Sunday, April 22, 2018

Talking Tribeca: Stockholm

I’ve had the pleasure this year of screening a number of selections from this year’s Tribeca Film Festival, which takes place April 18th-29th.

Directed by Robert Budreau
Spotlight Narrative

It’s actually not so uncommon to see a film where someone gets taken hostage and ends up falling in love with their captor. Even if it’s not a romance, there are many instances of those who come to understand what it is that the criminal that has taken them aims to accomplish and to be able to emit some sympathy for their struggle, even if their chosen method of attaining it is far from commendable. There’s a term for such behavior, and it stands to reason that the original case that gave Stockholm syndrome its name would be worth exploring.

An American man (Ethan Hawke) identified as Lars bursts into the largest bank in Sweden in 1973, fires off a few rounds, and takes two hostages, employees Bianca Lind (Noomi Rapace) and Klara Mardh (Bea Santos). He demands that criminal Gunnar Sorensson (Mark Strong) be released from prison and makes clear what it is he wants from the unamused Chief Mattsson (Christopher Heyerdahl). As this remarkable standoff plays out, Lars and Bianca develop a bond and a trust, one that defies their situation and even pushes Bianca to help Lars try to make his getaway.

This is not an overtly serious film, beginning with the note “This is based on an absurd but true story.” From Lars’ first appearance on screen with a wild wig and an American flag on the back of his jacket, he’s a comic figure who never poses much of a threat, something that Bianca comes to understand when she recognizes him from a news report about a burglar who helped stop a man he was robbing from dying of a heart attack. As Chief Mattsson tries to manage Lars and con him into giving up or getting caught by surprise, it’s not just Lars who softens but the people around him who find their predicament to be horrifying but not nearly as miserable or frightening as it should be.

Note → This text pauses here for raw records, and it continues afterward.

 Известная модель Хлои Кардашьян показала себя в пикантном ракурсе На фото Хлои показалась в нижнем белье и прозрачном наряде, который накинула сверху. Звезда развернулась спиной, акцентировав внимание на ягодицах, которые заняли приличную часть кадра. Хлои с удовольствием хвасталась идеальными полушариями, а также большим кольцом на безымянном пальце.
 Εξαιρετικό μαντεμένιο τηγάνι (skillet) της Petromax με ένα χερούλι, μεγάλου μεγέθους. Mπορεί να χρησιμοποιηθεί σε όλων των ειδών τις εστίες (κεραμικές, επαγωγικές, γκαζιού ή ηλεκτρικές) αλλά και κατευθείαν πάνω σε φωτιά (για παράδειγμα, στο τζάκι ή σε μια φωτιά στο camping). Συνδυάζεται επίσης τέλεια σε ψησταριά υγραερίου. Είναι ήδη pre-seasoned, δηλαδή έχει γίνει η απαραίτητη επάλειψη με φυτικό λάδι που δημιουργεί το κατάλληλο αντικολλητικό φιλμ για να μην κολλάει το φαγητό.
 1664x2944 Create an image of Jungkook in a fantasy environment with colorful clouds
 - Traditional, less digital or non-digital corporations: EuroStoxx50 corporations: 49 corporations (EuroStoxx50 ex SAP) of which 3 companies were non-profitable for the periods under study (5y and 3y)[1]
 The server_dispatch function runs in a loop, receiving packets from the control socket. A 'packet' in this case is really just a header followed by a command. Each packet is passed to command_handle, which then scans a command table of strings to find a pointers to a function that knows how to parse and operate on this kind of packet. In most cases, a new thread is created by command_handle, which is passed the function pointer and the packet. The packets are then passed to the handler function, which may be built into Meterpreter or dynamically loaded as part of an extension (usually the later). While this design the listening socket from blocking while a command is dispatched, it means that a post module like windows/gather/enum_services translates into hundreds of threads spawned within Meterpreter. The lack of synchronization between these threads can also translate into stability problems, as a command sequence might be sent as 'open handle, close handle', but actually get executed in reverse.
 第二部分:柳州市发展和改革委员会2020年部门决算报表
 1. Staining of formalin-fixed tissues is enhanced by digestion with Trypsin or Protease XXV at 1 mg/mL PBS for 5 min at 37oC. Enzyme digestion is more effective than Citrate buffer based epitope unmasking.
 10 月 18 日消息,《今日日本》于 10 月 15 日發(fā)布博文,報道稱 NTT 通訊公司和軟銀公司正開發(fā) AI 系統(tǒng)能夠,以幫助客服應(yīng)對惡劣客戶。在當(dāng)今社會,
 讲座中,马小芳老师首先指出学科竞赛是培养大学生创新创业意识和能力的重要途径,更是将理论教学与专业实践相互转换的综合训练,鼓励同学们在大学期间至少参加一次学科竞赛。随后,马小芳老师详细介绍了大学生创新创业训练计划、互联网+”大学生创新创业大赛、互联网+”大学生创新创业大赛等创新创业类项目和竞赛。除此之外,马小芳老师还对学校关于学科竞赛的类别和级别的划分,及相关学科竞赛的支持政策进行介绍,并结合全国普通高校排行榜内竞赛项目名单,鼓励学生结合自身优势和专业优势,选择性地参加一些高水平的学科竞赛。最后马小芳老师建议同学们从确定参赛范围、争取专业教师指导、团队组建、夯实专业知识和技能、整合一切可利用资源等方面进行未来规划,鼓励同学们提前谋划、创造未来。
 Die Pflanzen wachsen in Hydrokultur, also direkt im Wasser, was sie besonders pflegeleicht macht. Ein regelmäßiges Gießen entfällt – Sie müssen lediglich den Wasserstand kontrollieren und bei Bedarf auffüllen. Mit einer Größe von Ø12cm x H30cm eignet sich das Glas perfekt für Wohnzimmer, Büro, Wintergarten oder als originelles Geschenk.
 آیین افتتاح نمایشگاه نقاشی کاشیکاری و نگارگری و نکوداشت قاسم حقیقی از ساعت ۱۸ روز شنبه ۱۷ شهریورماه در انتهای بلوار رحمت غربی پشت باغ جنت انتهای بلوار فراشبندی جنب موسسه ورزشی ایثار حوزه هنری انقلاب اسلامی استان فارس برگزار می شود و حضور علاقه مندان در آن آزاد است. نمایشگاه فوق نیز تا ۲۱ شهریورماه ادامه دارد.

Hawke has been busy lately, both in front of and behind the camera, premiering several others film at Sundance and South by Southwest, and it’s good to see him in a comfortable role than allows him to be unhinged and energetic as always, and extremely entertaining. Rapace, the original “Girl with the Dragon Tattoo,” makes a return to Swedish cinema with an English-speaking part that’s well-suited to her talents, and a Canadian actor best known for playing a character named the Swede, Heyerdahl, is perfectly cast as well. This film may not be as resounding as true crime caper “American Animals,” but it’s still an enjoyable and captivating look at an unusual crisis.